Convert length and distance units — meters, feet, inches, kilometers, miles, light years and more.
| Unit | Name | Value |
|---|---|---|
| 0.001 km | 1e+09 nm | |
| 0.01 km | 1e+10 nm | |
| 0.1 km | 1e+11 nm | |
| 1 km | 1e+12 nm | |
| 5 km | 5e+12 nm | |
| 10 km | 1e+13 nm | |
| 50 km | 5e+13 nm | |
| 100 km | 1e+14 nm | |
| 1000 km | 1e+15 nm |
Multiply the number of Kilometers by 1000000000000 to get Nanometers. Formula: nm = km × 1000000000000. Example: 10 km × 1000000000000 = 1×1013 nm. To reverse, divide Nanometers by 1000000000000 to get Kilometers.
| Kilometer (km) | Nanometer (nm) |
|---|---|
| 0.001 km | 1000000000 nm |
| 0.01 km | 10000000000 nm |
| 0.1 km | 100000000000 nm |
| 0.5 km | 500000000000 nm |
| 1 km | 1000000000000 nm |
| 2 km | 2×1012 nm |
| 5 km | 5×1012 nm |
| 10 km | 1×1013 nm |
| 20 km | 2×1013 nm |
| 50 km | 5×1013 nm |
| 100 km | 1×1014 nm |
| 250 km | 2.5×1014 nm |
| 500 km | 5×1014 nm |
| 1000 km | 1×1015 nm |
| 10000 km | 1×1016 nm |
To convert Kilometer to Nanometer, multiply by 1000000000000. Example: 10 km = 1×1013 nm
To convert Nanometer back to Kilometer, divide by 1000000000000 (multiply by 1×10-12). Use the swap button above.

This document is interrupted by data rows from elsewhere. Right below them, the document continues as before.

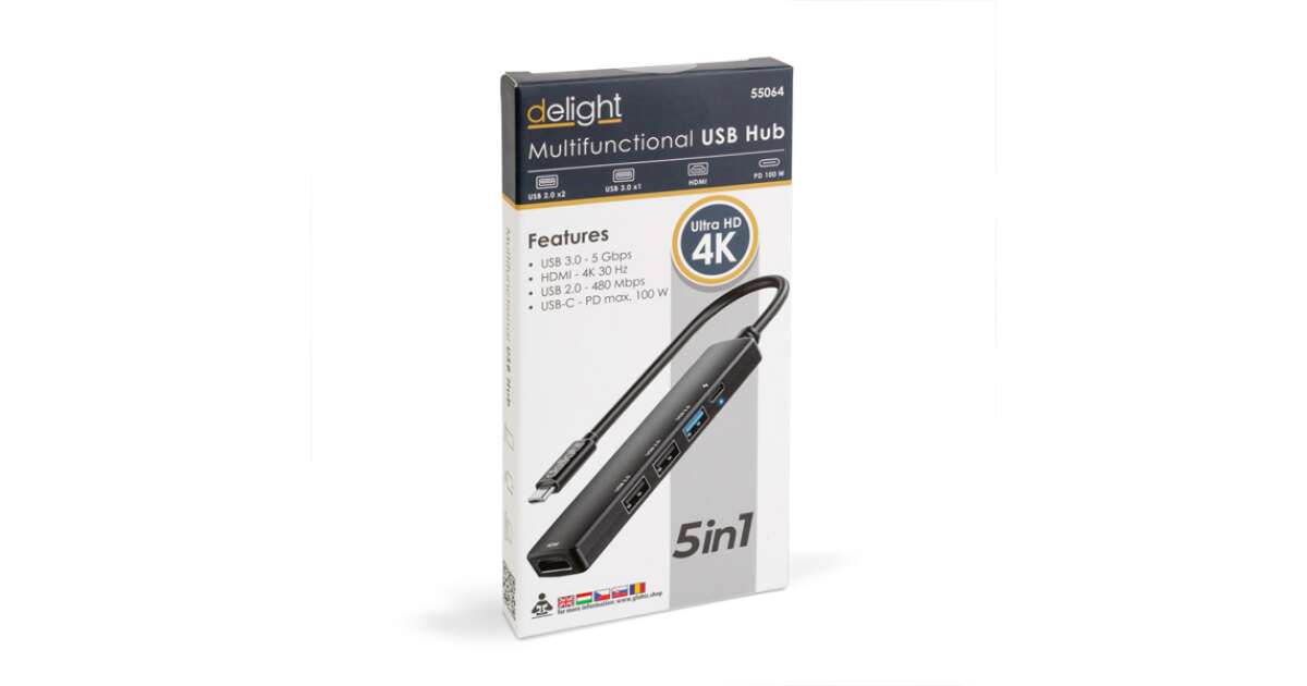 Този мултифункционален USB хъб е идеалното решение, ако искате да свържете няколко устройства към лаптопа си едновременно. С HDMI порт можете да се свържете към външен монитор или телевизор, а с 3 USB-A порта можете да свържете периферни устройства и флашки. Високоскоростният USB 3.0 Type-C порт осигурява скорост до 5 Gbps, докато другият Type-C порт може да осигури 100W мощност, така че можете дори да зареждате лаптопа или телефона си от него.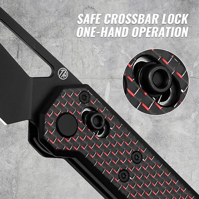 - Smooth & Secure Crossbar Lock: Designed for safety and convenience, the reliable crossbar lock keeps the blade firmly in place, preventing accidental closure. Paired with a thumb hole for effortless, one-handed deployment, this mechanism ensures quick access and steady control during every use.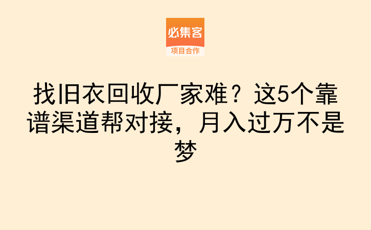 首先可以从精准的资源对接平台入手,比如必集客,这是一个项目资源对接平台,提供副业项目和合作资源,适合找合作、拓业务的朋友。平台上汇聚了全国各地不同规模的旧衣回收厂家,覆盖了统货回收、分类回收等不同合作类型,新手可以根据自身的收运范围、货量规模筛选匹配度高的厂家,平台上的信息包含厂家的回收标准、结算方式、对接负责人联系方式等关键内容,能直接跳过中间环节和厂家沟通,据统计,通过这类平台对接的成功率比盲目寻找要高出40%左右,能节省不少前期的沟通成本。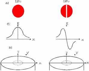 Рис.6. Розподіл інтенсивності по перетині а) і радіальний розподіл поля E б) для мод LP01 й LP11; в) - зріз ОВ (співвідношення діаметра серцевини й оболонки не дотримана).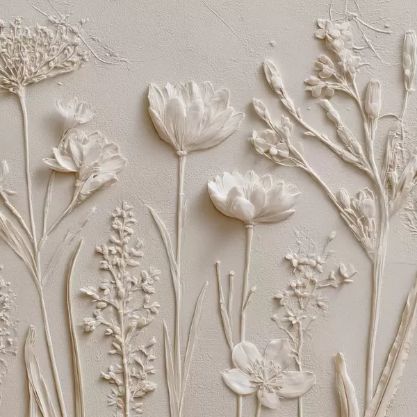 Poster Abstraktní kompozice: basreliéf s květinami na světlém pozadí Č. f45535

Start with 100 Kilometers = 1×1014 nm as your reference point. Scale up or down from there.
Atmospheric scientists model weather fronts spanning kilometres while analysing molecular absorption at nanometre wavelengths. Converting between km-scale meteorology and nm-scale photochemistry is routine in atmospheric science.
Solar panel farm dimensions use kilometres while photovoltaic cell active layer thicknesses use nanometres. Solar energy engineers work across both scales when modelling farm output and cell efficiency simultaneously.
Satellite remote sensing covers km² areas while the spectral channels measured are nanometres wide. Scientists correlating spatial coverage with spectral resolution convert between kilometres and nanometres in every image analysis.
1 km = 10¹² nm — 1 trillion nanometres. Physics educators use km-to-nm to make nanotechnology viscerally tangible: "Every kilometre of motorway contains a trillion nanometre-scale segments — each the size of a few atoms."
Researchers deploying nanomaterial-based environmental remediation over km-scale contaminated areas measure particle sizes in nanometres while describing site extents in kilometres — cross-scale conversion needed throughout.
Fibre optic cable runs extend for kilometres while the light wavelengths transmitted use nanometres (1310 nm, 1550 nm). Network engineers convert between km-scale cable length and nm-scale wavelength in every link budget calculation.
The Kilometer is a unit of Length measurement (symbol: km). 1 km = 1000000000000 nm. Used in scientific and practical Length measurement applications.
The Nanometer is a unit of Length measurement (symbol: nm). It is part of an internationally recognised measurement system used alongside the Kilometer.
The kilometre was introduced in 1795 as part of the French metric system — exactly 1,000 metres. France was the first country to adopt a universal decimal measurement system, replacing a chaotic patchwork of regional units. The metre itself was defined as one ten-millionth of the distance from the North Pole to the equator through Paris. By the 20th century, the kilometre had become the world's standard unit for road distances, replacing miles in country after country. The US remains the only major exception, still officially using miles for road distances.
The nanometre owes its name to the Greek 'nanos' (dwarf) combined with metre. The prefix 'nano' was formally adopted by the International Committee for Weights and Measures in 1960. Before it became standard, scientists used angstroms (1 nm = 10 Å). The nanometre rose to prominence in the 1980s and 1990s alongside nanotechnology and semiconductor manufacturing, where feature sizes first reached the nanometre scale around 1995.
Common use: Kilometer to Nanometer conversion is needed when working with international standards, scientific publications, or reference materials that use different unit systems for Length measurement.